→ **Data**
###

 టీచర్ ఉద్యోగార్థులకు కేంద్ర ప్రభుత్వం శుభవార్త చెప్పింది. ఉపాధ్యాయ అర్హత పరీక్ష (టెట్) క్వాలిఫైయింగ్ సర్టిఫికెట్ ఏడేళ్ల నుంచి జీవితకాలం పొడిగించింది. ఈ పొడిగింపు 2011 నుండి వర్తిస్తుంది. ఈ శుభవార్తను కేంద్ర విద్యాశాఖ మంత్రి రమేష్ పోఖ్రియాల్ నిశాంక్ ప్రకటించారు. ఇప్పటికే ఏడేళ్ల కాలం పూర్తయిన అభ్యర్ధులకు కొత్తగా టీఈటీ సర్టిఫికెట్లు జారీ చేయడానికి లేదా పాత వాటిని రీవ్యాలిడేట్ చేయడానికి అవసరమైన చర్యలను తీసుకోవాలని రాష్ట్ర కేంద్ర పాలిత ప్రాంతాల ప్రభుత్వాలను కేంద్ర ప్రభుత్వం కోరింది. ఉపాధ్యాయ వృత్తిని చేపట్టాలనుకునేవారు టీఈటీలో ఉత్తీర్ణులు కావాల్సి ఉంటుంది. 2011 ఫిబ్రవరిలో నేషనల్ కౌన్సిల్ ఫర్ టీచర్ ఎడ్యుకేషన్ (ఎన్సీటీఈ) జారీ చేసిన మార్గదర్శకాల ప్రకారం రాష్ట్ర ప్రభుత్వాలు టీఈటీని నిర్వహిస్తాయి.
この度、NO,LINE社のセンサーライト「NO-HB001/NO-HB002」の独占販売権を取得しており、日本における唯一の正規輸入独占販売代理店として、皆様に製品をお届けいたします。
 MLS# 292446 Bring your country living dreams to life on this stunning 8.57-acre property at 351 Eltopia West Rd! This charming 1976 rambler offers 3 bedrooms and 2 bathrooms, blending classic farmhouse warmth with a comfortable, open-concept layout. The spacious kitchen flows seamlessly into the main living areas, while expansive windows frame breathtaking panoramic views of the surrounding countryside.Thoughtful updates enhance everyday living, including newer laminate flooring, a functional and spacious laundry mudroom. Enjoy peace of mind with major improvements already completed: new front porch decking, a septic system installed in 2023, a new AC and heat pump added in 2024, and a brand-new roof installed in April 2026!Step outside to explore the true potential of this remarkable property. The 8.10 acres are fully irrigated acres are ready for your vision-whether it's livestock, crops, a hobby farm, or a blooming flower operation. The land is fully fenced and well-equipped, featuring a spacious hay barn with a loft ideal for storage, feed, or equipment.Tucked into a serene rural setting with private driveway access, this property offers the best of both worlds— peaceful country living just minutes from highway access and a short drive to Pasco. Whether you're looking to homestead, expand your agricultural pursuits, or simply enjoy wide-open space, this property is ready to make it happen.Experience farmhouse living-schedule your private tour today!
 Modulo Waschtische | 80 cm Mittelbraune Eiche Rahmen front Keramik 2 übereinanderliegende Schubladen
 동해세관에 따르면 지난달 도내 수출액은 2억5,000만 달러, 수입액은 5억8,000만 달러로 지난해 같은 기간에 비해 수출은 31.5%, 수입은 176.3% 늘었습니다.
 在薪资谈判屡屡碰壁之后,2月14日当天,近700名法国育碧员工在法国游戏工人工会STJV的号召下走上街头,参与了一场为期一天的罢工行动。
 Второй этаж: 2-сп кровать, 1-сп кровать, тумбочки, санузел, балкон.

###

→ **Prompt**
Only the lines from the one containing "在薪资谈判屡屡碰壁之后,2月" through the end of the entries above should be written out, exactly and in full.

→ **Output for this task**
 在薪资谈判屡屡碰壁之后,2月14日当天,近700名法国育碧员工在法国游戏工人工会STJV的号召下走上街头,参与了一场为期一天的罢工行动。
 Второй этаж: 2-сп кровать, 1-сп кровать, тумбочки, санузел, балкон.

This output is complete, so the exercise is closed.